# Increased Tax Relief on Pension



## caljaclew (11 Jan 2017)

Hi There,

I'm trying to see if i can get my wife higher tax relief on her pension. As it stands she works part time and is taxed at 20% rate. There is a pension scheme where employer pays 15%. If she makes AVC's into work scheme up to her 25% limit her tax relief is still at 20%. 

It would obviously be better to have the tax relief at 40%. If she were to set up an AVC PRSA outside of work and made a contribution in Oct/Nov each year when we are jointly assessed at the higher rate can she then avail of this higher relief rate on the AVCs when filling out our tax return. I'm not sure if this is possible and would appreciate some advice. 

I think however she will be restricted to AVCs into the work scheme, is this correct or can we go along the lines I'm thinking?

Thanks


----------



## Steven Barrett (12 Jan 2017)

She can't use your income to boost her salary to claim tax relief at 40%. 


Steven 
www.bluewaterfp.ie


----------



## caljaclew (13 Jan 2017)

SBarrett said:


> She can't use your income to boost her salary to claim tax relief at 40%.
> 
> 
> When you put it like that it makes sense   Thanks for the reply


----------



## bstop (13 Jan 2017)

If your wife makes AVC contributions she will get tax relief at 20% in her wages.
The AVC contributions will effectively reduce your joint income by the amount contributed.
If your overall joint income is taxed at 40% on an amount greater than the AVC contribution,
then you will jointly save tax at 40% on the AVC.


----------



## caljaclew (17 Jan 2017)

bstop said:


> If your wife makes AVC contributions she will get tax relief at 20% in her wages.
> The AVC contributions will effectively reduce your joint income by the amount contributed.
> If your overall joint income is taxed at 40% on an amount greater than the AVC contribution,
> then you will jointly save tax at 40% on the AVC.

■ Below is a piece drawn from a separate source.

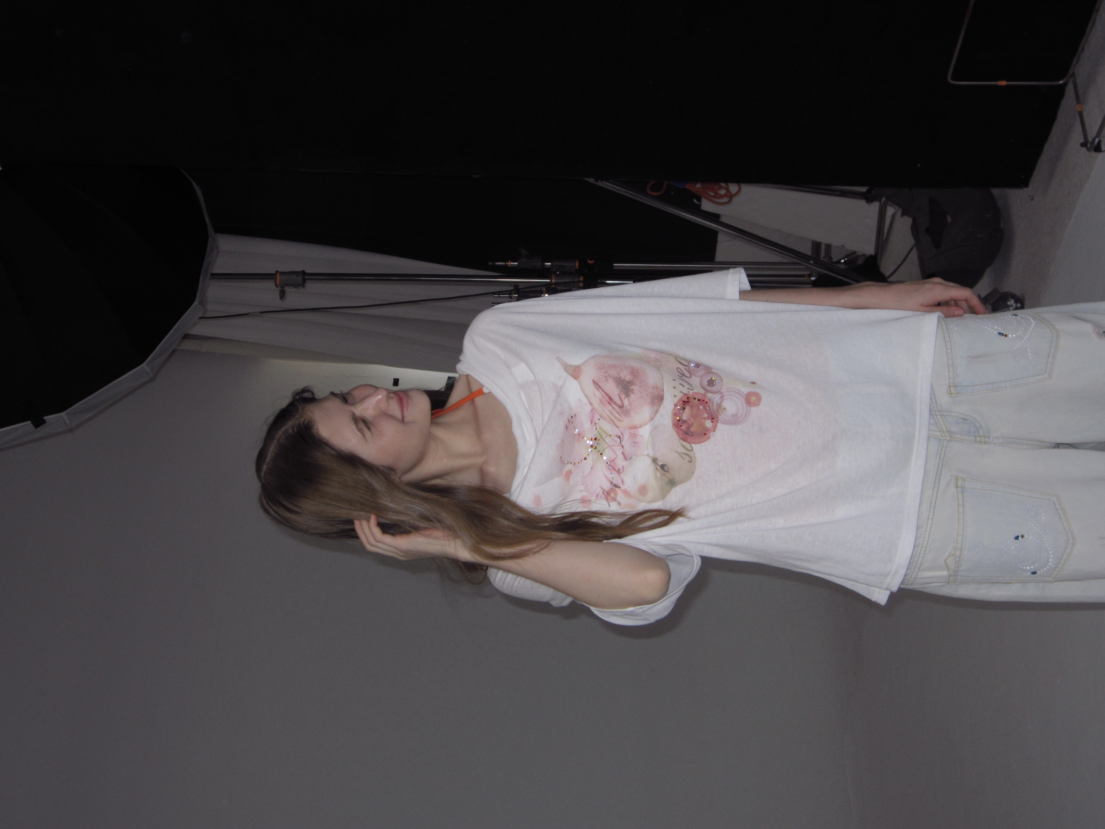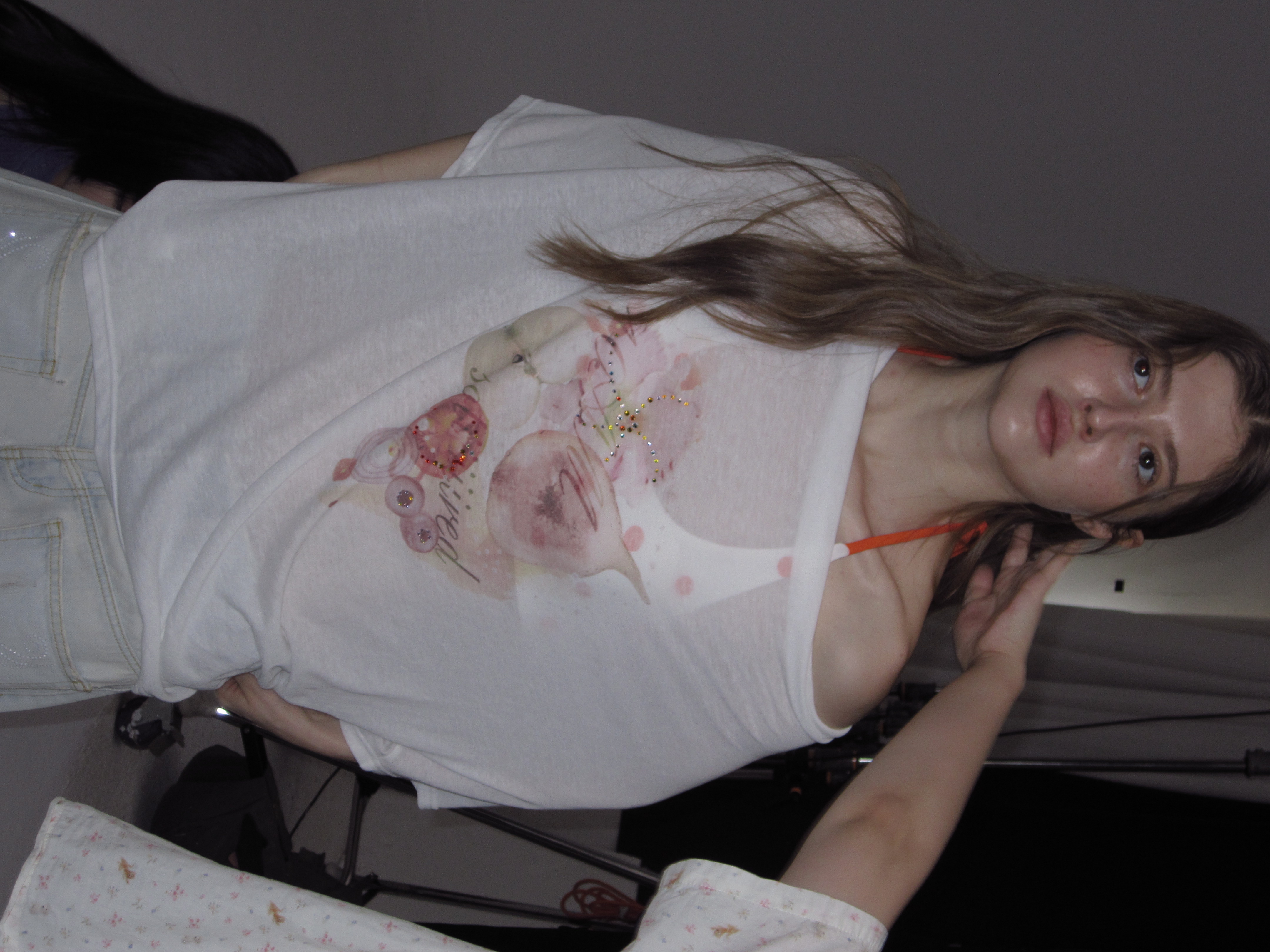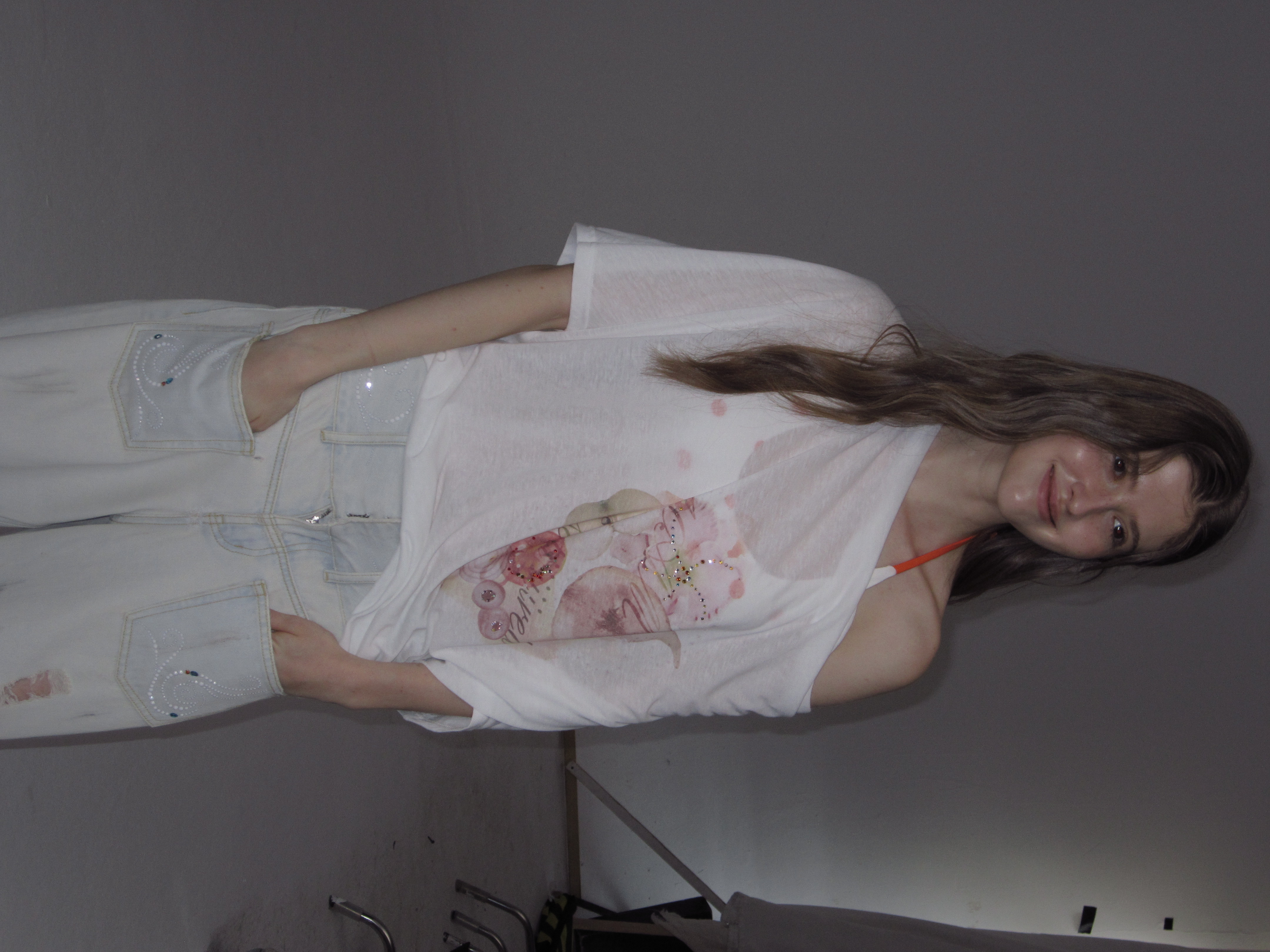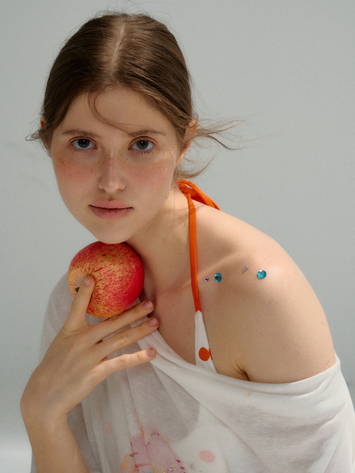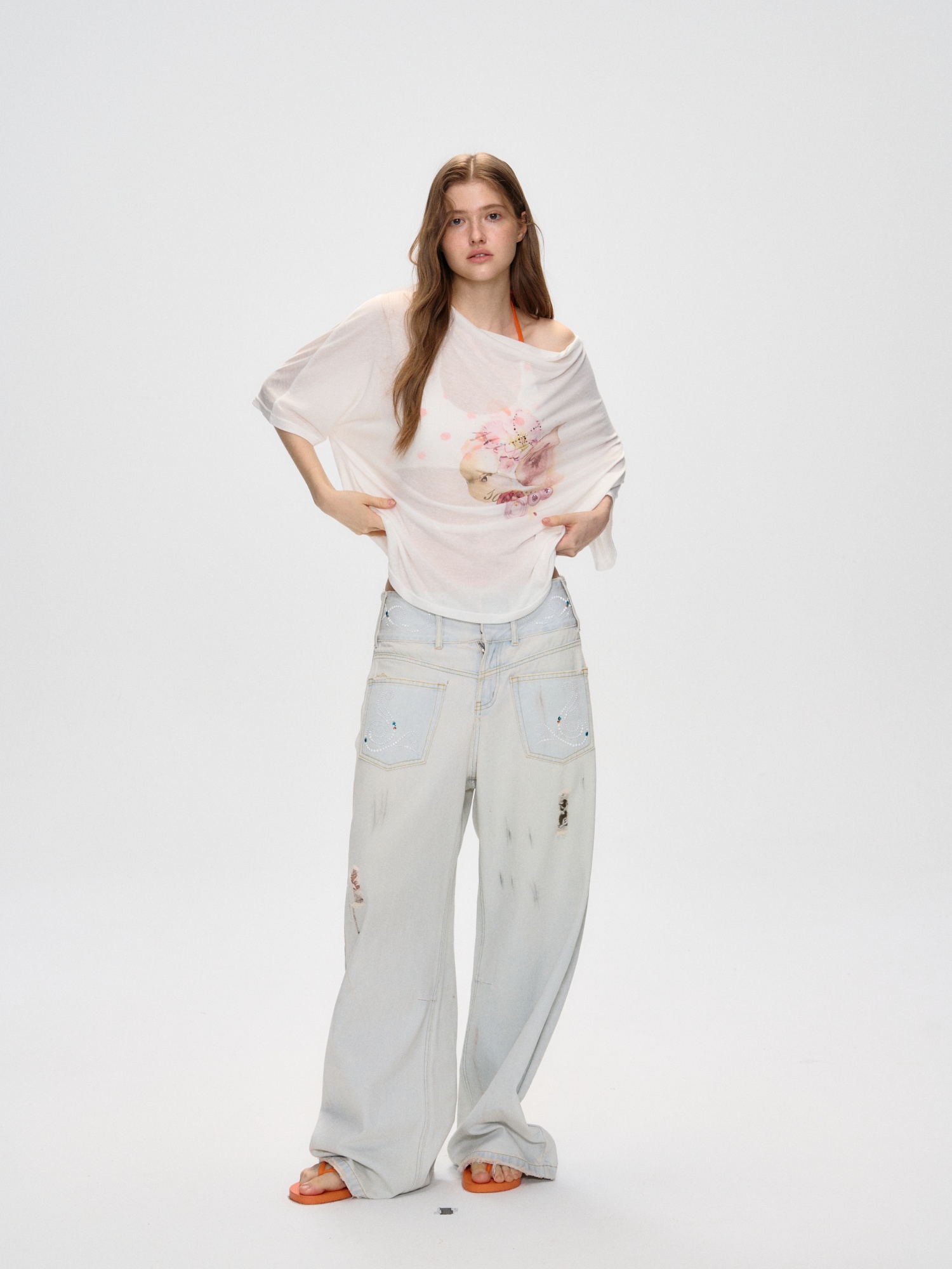 Lyocell Tencel Printed Rhinestone Top - Elbow Sleeve

Hi bstop, Thanks for replying. I'm think I understand your reply. I understand she gets relief at 20% on AVC's and that they reduce our joint income. Is what you are saying simply that by making the AVC we are avoiding 40% tax on that portion under joint assessment ?


----------



## bstop (18 Jan 2017)

Thats it exactly. Your joint taxable income is reduced by the AVC amount and you save tax at your marginal rate.
If you are taxed at 40% on an amount greater that the AVC amount, you will save tax at 40%. Submit a tax return at the end of the tax year and you will be due a refund.


----------



## Dan Murray (18 Jan 2017)

bstop said:


> Thats it exactly. Your joint taxable income is reduced by the AVC amount and you save tax at your marginal rate.
> If you are taxed at 40% on an amount greater that the AVC amount, you will save tax at 40%. Submit a tax return at the end of the tax year and you will be due a refund.



I believe this is incorrect. See link below.

http://www.revenue.ie/en/tax/it/leaflets/it1.html#section3


----------



## bstop (18 Jan 2017)

My statement is correct. Joint taxable income is reduced by the amount of the AVC contribution. This reduction in taxable earnings saves tax at the couple's marginal rate which in this case is 40%. The link posted refers to tax bands and rates and has no bearing on marginal tax.


----------



## Joe_90 (18 Jan 2017)

It depends if the OP wife earns €30,000 (and has €33,800 Standard Rate Cut Off) and pays €2,000 into a pension then she will get relief at 20% if it's put through payroll.  Ultimately if she is jointly assessed with her husband then he can use her unused standard rate cut off so will pay 20% tax on an extra €2,000.  Thereby getting relief at 40% for the contribution.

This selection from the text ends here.